So far there is no cure for Alzheimer’s dementia – also because the causes and mechanisms of action have only been partially elucidated. A patient protected from hereditary Alzheimer’s disease by a rare genetic variant now provides more information. He is only the second patient worldwide in whom this protective mechanism has been identified. The effect of its genetic variant provides new insights into the mechanisms of Alzheimer’s disease and could help lead to new treatment approaches.
In Alzheimer’s disease, nerve cells in the brain of sufferers gradually die. The causes of the disease are still not clear. Studies show that plaques of faulty beta-amyloid proteins are deposited between nerve cells. In addition, in Alzheimer’s disease, tau proteins within neurons are pathologically altered and accumulate to form so-called tau fibres. Both processes contribute to the destruction of nerve cells. While the disease usually only occurs at an advanced age, people with a so-called Paisa mutation develop symptoms of the disease at an average age of 44 and usually die around the age of 60 from the consequences of dementia.
Gene variants against Alzheimer’s disease
However, genetic variants can not only increase the risk of developing Alzheimer’s disease, but also reduce it. A team led by Francisco Lopera of the University of Antioquia in Colombia has now identified the second person worldwide who, despite a predisposition to develop Alzheimer’s, was protected from the disease by an additional mutation. “The genetic variant we identified points to a pathway that may lead to extreme resilience and protection against Alzheimer’s symptoms,” says co-author Joseph Arboleda Velazquez of Harvard Medical School in Boston.
His team had already reported in 2019 a carrier of the Paisa mutation, who, despite a genetic predisposition to Alzheimer’s disease, remained symptom-free until she was 70 years old.
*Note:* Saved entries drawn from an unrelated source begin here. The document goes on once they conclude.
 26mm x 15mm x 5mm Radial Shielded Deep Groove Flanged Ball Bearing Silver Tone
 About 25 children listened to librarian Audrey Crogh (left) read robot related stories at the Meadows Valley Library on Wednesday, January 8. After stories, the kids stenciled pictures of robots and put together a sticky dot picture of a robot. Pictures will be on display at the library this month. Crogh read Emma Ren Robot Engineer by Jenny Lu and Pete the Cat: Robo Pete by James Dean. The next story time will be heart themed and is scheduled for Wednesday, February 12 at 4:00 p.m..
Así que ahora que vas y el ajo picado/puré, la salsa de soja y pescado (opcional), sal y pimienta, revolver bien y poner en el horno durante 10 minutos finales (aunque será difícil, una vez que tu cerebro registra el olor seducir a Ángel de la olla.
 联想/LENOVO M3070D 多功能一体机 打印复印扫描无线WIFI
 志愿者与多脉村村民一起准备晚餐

In this patient, the researchers found that a mutation in the APOE3 gene was responsible for the protection. In search of more information about the development of Alzheimer’s disease, the team screened about 1,200 people with the Paisa mutation — and has now identified another patient who, in addition to this deleterious mutation, carries a “protective mutation” that protects him from decades saved since the onset of the disease.
The second patient worldwide
“Despite the Paisa mutation, the man did not show any cognitive impairment until the age of 67,” say Lubera and his team. He was only diagnosed with mild dementia at the age of 72, and at the age of 73 he participated in a neurological examination as part of the study. A year later he died of pneumonia and his family agreed to donate his brain for research. “Extraordinary cases like this one illustrate how individuals and extended families with Alzheimer’s disease can help improve our understanding of the disease and open up new avenues for research,” says Lobera’s colleague Yakeel Quiroz.
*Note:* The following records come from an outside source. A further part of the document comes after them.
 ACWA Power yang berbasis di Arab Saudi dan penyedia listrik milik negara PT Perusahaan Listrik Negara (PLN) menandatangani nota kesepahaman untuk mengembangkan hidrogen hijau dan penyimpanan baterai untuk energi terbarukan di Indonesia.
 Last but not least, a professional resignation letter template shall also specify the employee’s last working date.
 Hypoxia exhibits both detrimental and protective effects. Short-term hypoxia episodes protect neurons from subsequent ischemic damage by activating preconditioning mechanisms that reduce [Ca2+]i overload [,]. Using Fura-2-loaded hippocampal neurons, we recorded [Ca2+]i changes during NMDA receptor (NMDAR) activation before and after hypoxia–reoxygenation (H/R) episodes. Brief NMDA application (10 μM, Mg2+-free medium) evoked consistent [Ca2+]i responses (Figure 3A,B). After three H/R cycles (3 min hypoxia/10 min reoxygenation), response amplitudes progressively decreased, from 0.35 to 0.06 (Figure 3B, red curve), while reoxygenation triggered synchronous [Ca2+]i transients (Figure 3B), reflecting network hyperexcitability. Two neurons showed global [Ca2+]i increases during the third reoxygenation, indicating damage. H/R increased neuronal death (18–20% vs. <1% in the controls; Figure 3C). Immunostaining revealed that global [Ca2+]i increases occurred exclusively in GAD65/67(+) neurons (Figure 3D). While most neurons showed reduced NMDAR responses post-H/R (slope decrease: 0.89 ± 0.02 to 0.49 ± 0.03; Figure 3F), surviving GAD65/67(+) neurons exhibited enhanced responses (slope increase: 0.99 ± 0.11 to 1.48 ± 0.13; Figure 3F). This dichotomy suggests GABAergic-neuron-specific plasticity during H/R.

Examinations showed that the man, unlike the first patient, did not have any mutations in the APOE3 gene. Instead, the gene for the protein Reelin, which plays an important role in nerve cell function, was modified in his case. Previous research has linked mutations that affect Reelin function to diseases such as schizophrenia, autism and bipolar disorder. On the other hand, the newly discovered mutation does not appear to disrupt Reelin’s function, but rather to increase its effect, as the researchers show in a rat model.
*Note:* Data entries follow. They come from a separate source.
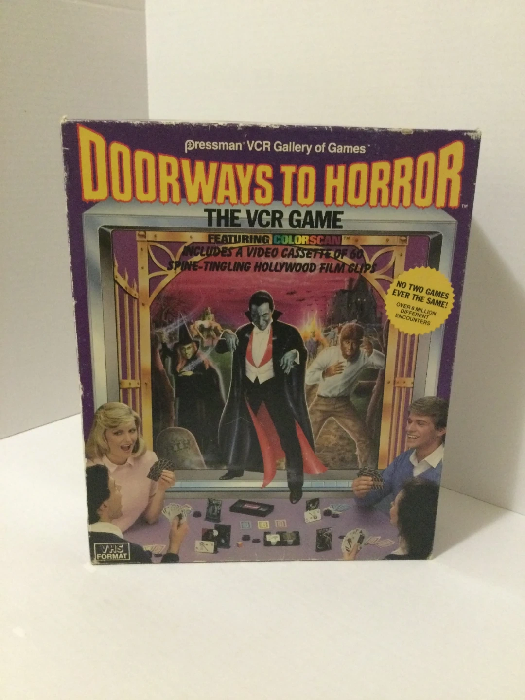 The following post is for a vintage, never used Vcr Board game "Doorways To Horror." Comes complete in original (though beat-up) box, with sealed tape, chips, cards, dice, money, faded instructions and everything else needed in a weathered broken plastic packaging. If this item isn't exactly what you're looking for, please check my other listings for similar alternatives. Its packed and ready to be shipped.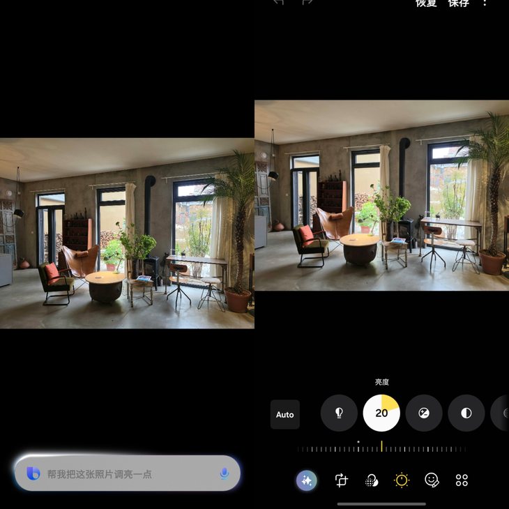首先是对图片的AI后期编辑能力,这也是最让人惊喜的功能之一。内置的照片助手支持对话式修图,用户可以直接像聊天一样告诉它修图需求,AI便能精准理解语义并执行,无需手动进行复杂的修图操作。
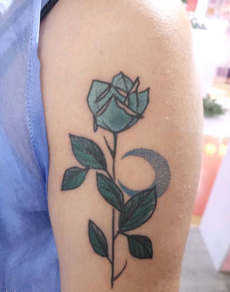 蓝色妖姬纹身图片_手臂清新写实植物成品纹身图案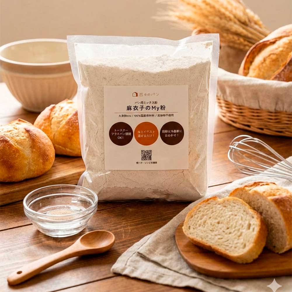 「誰もが失敗なく、美味しく、安全なパンを焼いてほしい。」そんな想いから、My粉は生まれました。私が長年研究してきたノウハウと、最高の国産素材を詰め込んだ自信作です。この粉があれば、パン作りがもっと身近で、もっと楽しくなりますよ。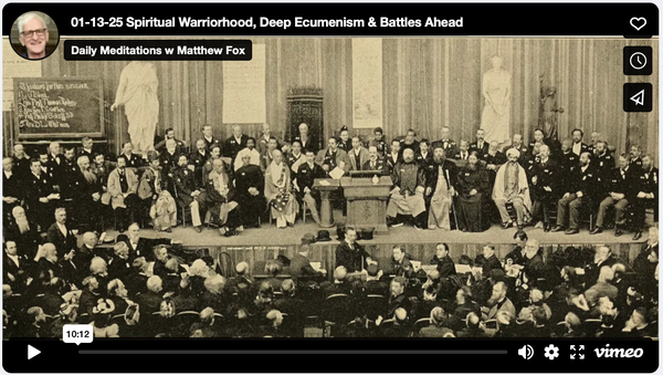 Join the Creation Spirituality Communities Education service as they host guest speaker Matthew Fox in an overview of Deep Ecumenism and its relevance today in the first class of a course, “Deep Ecumenism: Exploring Spiritual Identity” by Instructor Roxanne Whitelight. Matthew Fox’s lecture: Jan 15 - 4:00pm PT Course runs Wednesdays, January 15– February 19, 2025. Register HERE.

Protection mechanism revealed
Both Reelin and APOE are altered in patient I in tau protein phosphorylation—albeit in opposite ways. While APOE enhances phosphorylation, Reelin reduces it. “The fact that we found a variant affecting APOE in the first case and Reelin in the second tells us that this signaling pathway, which controls, among other things, tau phosphorylation, could be the key to understanding why these patients were affected,” says Arboleda-Velasquez. Protected.” “This is critical to treatment planning because it clearly shows us that more Reelin can have beneficial effects.”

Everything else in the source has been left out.